Exercise: Trace Delete Operations

Given a doubly-linked list with nodes Alice, Bob, Carol:

NULL ← [Alice] ↔ [Bob] ↔ [Carol] → NULL
        ↑head              ↑tail

Show the exact steps to delete Bob:

  1. Which pointers must change? (Hint: 4 pointers)
  2. In what order?
  3. When is it safe to free(bob)?
  4. What if Carol’s prev still points to freed memory?

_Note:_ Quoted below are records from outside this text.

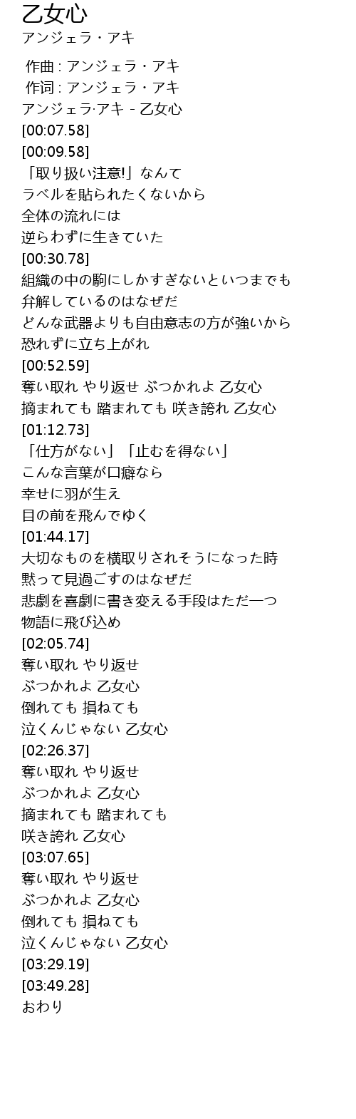 | [00:00.00] | アンジェラ·アキ - 乙女心 |
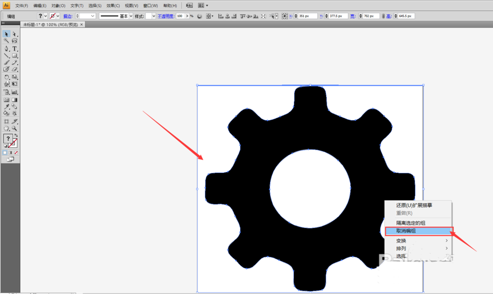 3、在第二步骤的基础上,点击鼠标右键,选择“取消编组”,如下图所示
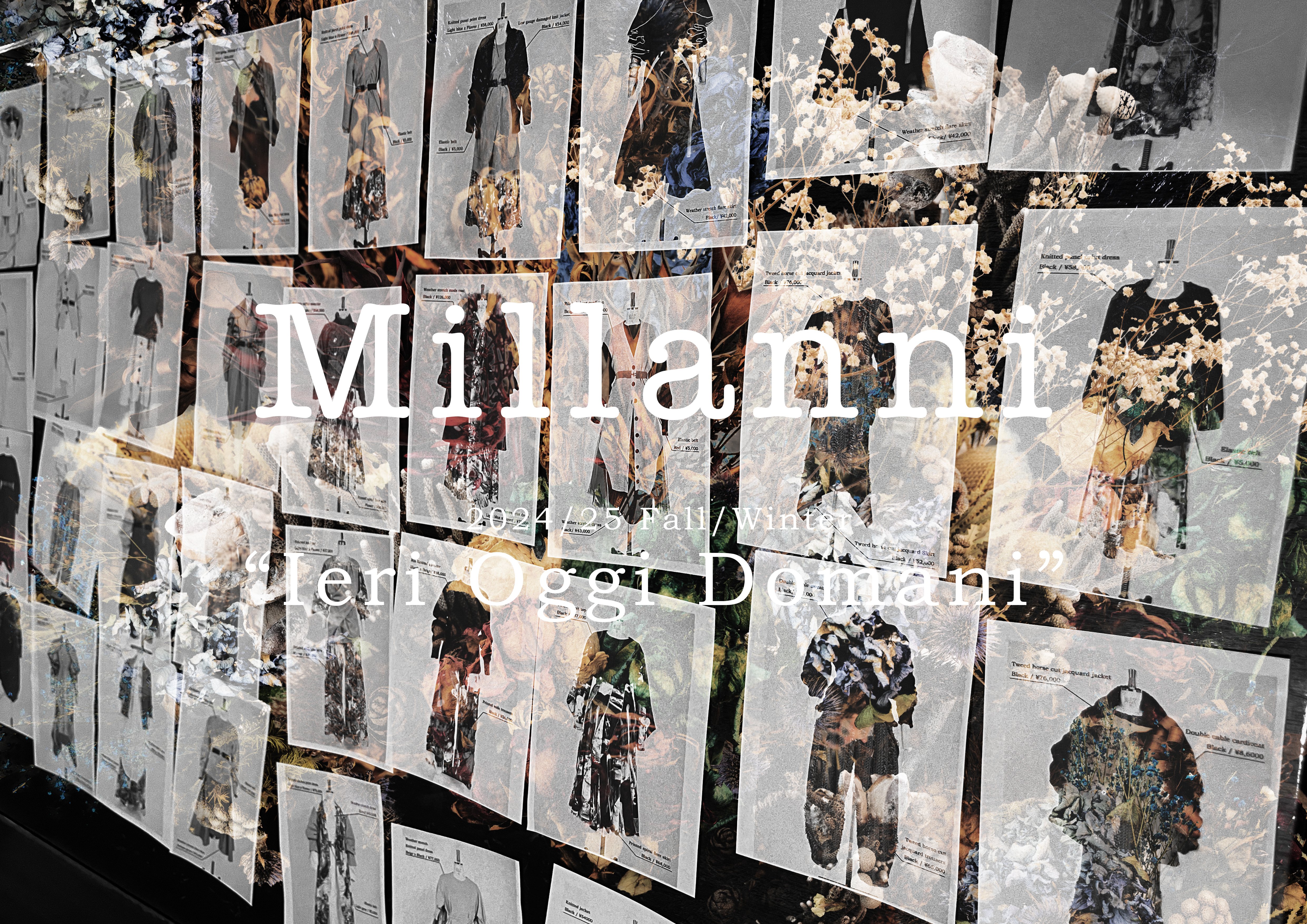 /インスタレーション:展示会場を背景にモデルによる公開ルック撮影。どなた様もご自由にご覧いただけますが、通路側からの見学となります。展示会場へは17:30以降ご入場いただけます。
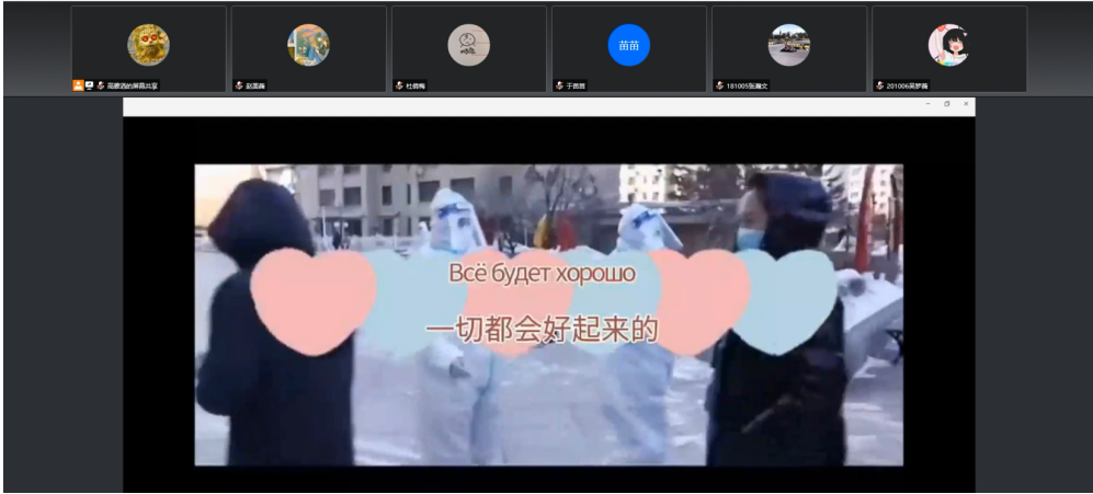 俄语系全体师生相聚云端,热情交流互动,通过朗读俄罗斯文学作品经典选段,共同感受俄语的韵律之美,探索俄罗斯文化的精神内涵。俄语系主任张美在开幕致辞中代表俄语系全体老师向同学们表达问候,对疯狂俄语协会的发展寄予美好祝愿,通过朗读诗歌《Учителя по жизни были строги》(生活老师们很严厉),鼓励同学们勇敢乐观地面对困难,等待春暖花开时。往届工大学子们也一直心系母校,2012级俄语生,目前就读于莫斯科国立大学的刘巧芳博士代表俄语系毕业生们从遥远的异乡为老师和学弟学妹们送来祝福。
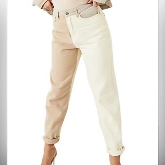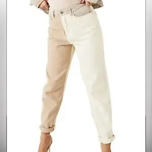 Missguided Riot Neutral Patched High Rise Mom Jean Size 6
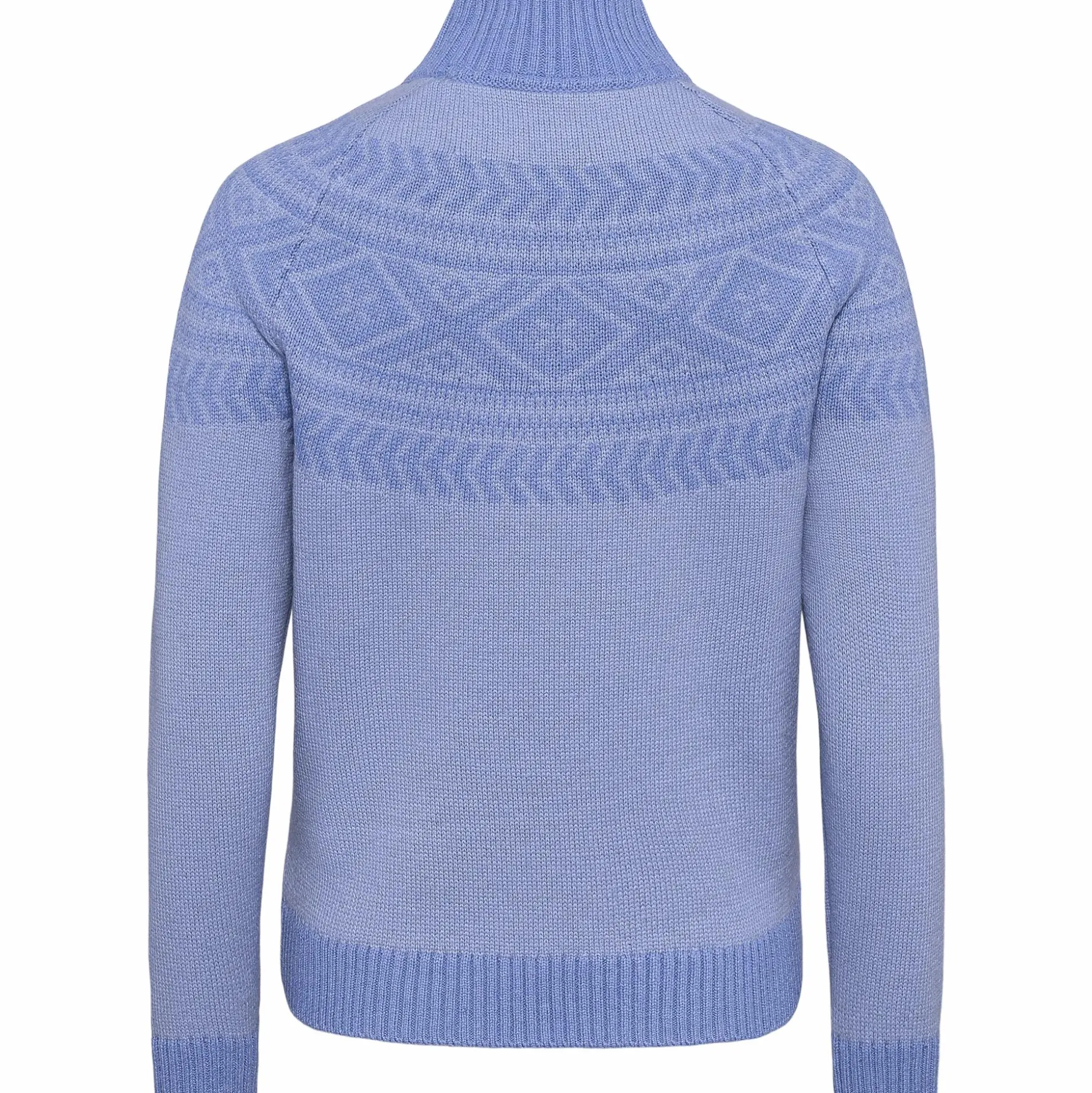 Sonja Knit W fra Kari Traa er en strikket genser med et dekorativt mønster. Den er laget i et jacquardstrikket materiale av polyester, polyamid og ull. Materialet gir en myk og varmende følelse mot huden, noe som gjør genseren brukbar både til hverdags og utendørsaktiviteter. Genseren har en rund halsringning samt ribbede mansjetter, krage og nederkant som bidrar til en behagelig passform.
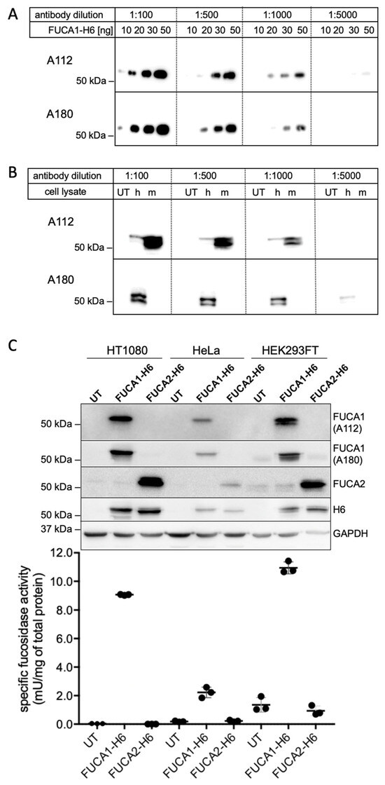 Commercially available antibodies and antisera directed against lysosomal tissue α-L-fucosidase (FUCA1-encoded) failed to specifically detect human and mouse recombinant α-L-fucosidase 1. Therefore, we immunized Fuca1-KO mice by ballistic injection of coated gold particles carrying an untagged mouse Fuca1 cDNA construct (pcDNA3.1Hygro(+)-Fuca1). The same mice were further boosted with purified H6-tagged human α-L-fucosidase 1 protein (FUCA1-H6), resulting in a mouse serum that sensitively detected recombinant human FUCA1 in a low nanogram range. To obtain a sustainable source for monoclonal antibodies against FUCA1, antibody-producing hybridoma cell lines were established using standard protocols. Two supernatants from the hybridoma cell lines A112 and A180, respectively, showed high sensitivity for recombinant glycosylated human FUCA1 with an apparent molecular mass of 50–55 kDa, even at high dilutions of the supernatants (1:1000) in a dose-dependent manner (Figure 3A).

The Interview Questions They’ll Ask

  1. “What invariants must hold for a doubly-linked list to be valid?”
  2. “What’s wrong with this code?”
    for (Node *n = list->head; n != NULL; n = n->next) {
        if (should_delete(n)) delete_node(list, n);  // Bug!
    }
    
  3. “You have a linked list database with an email index. When you delete a record, how do you update the index safely?”
  4. “How would you serialize a linked list to disk?”
  5. “Valgrind reports ‘definitely lost: 480 bytes in 10 blocks’. How do you debug this?”

Hints in Layers

Hint 1: Node Structure

typedef struct Record {
    int id;
    char *name;
    char *email;
    char *phone;
    char *title;
    struct Record *next;
    struct Record *prev;
} Record;

typedef struct ContactList {
    Record *head;
    Record *tail;
    int count;
} ContactList;

Hint 2: Invariant Checker

bool check_invariants(ContactList *list) {
    if ((list->head == NULL) != (list->tail == NULL)) return false;
    if (list->head != NULL && list->head->prev != NULL) return false;
    if (list->tail != NULL && list->tail->next != NULL) return false;

    int forward_count = 0;
    for (Record *r = list->head; r != NULL; r = r->next) {
        forward_count++;
        if (r->next != NULL && r->next->prev != r) return false;
    }
    return forward_count == list->count;
}

Hint 3: Safe Deletion

void delete_record(ContactList *list, int id) {
    Record *target = find_by_id(list, id);
    if (!target) return;

    if (list->head == list->tail) {  // Only node
        list->head = list->tail = NULL;
    } else if (target == list->head) {
        list->head = target->next;
        list->head->prev = NULL;
    } else if (target == list->tail) {
        list->tail = target->prev;
        list->tail->next = NULL;
    } else {  // Middle node
        target->prev->next = target->next;
        target->next->prev = target->prev;
    }

    free(target->name); free(target->email); free(target->phone); free(target->title);
    free(target);
    list->count--;
}

Books That Will Help

Topic Book Chapter
Linked List Fundamentals “Algorithms in C” by Robert Sedgewick Chapter 3.2-3.3
Doubly-Linked Lists “Introduction to Algorithms” (CLRS) Chapter 10.2
Invariants and Contracts “Code Complete” by Steve McConnell Chapter 8.2
Using assert() “Writing Solid Code” by Steve Maguire Chapter 2
Memory Ownership “Effective C” by Robert Seacord Chapter 6
Defensive Programming “The Practice of Programming” by Kernighan & Pike Chapter 5

Project Comparison Table

Project Difficulty Time Depth of Understanding Fun Factor Reusability
Dynamic Array Library ⭐⭐ 1 week Deep on invariants, ownership ⭐⭐⭐ Used in ALL other projects
Text Editor Buffer ⭐⭐⭐ 1-2 weeks Deep on aliasing, layout ⭐⭐⭐⭐⭐ Standalone cool tool
Memory Arena ⭐⭐⭐ 1 week Deep on ownership, lifetime ⭐⭐⭐ Used in parsers, games
JSON Parser ⭐⭐⭐⭐ 2 weeks Deep on all concepts ⭐⭐⭐⭐ Practical library
Linked List Database ⭐⭐⭐ 1-2 weeks Deep on invariants, debugging ⭐⭐⭐ Good teaching tool

Recommendation Path

Based on the curriculum’s progression, here’s the optimal order:

Week 1-2: Foundation

Start with Project 1 (Dynamic Array) — This is non-negotiable. Every other project needs this, and it teaches the invariant mindset in the simplest possible context.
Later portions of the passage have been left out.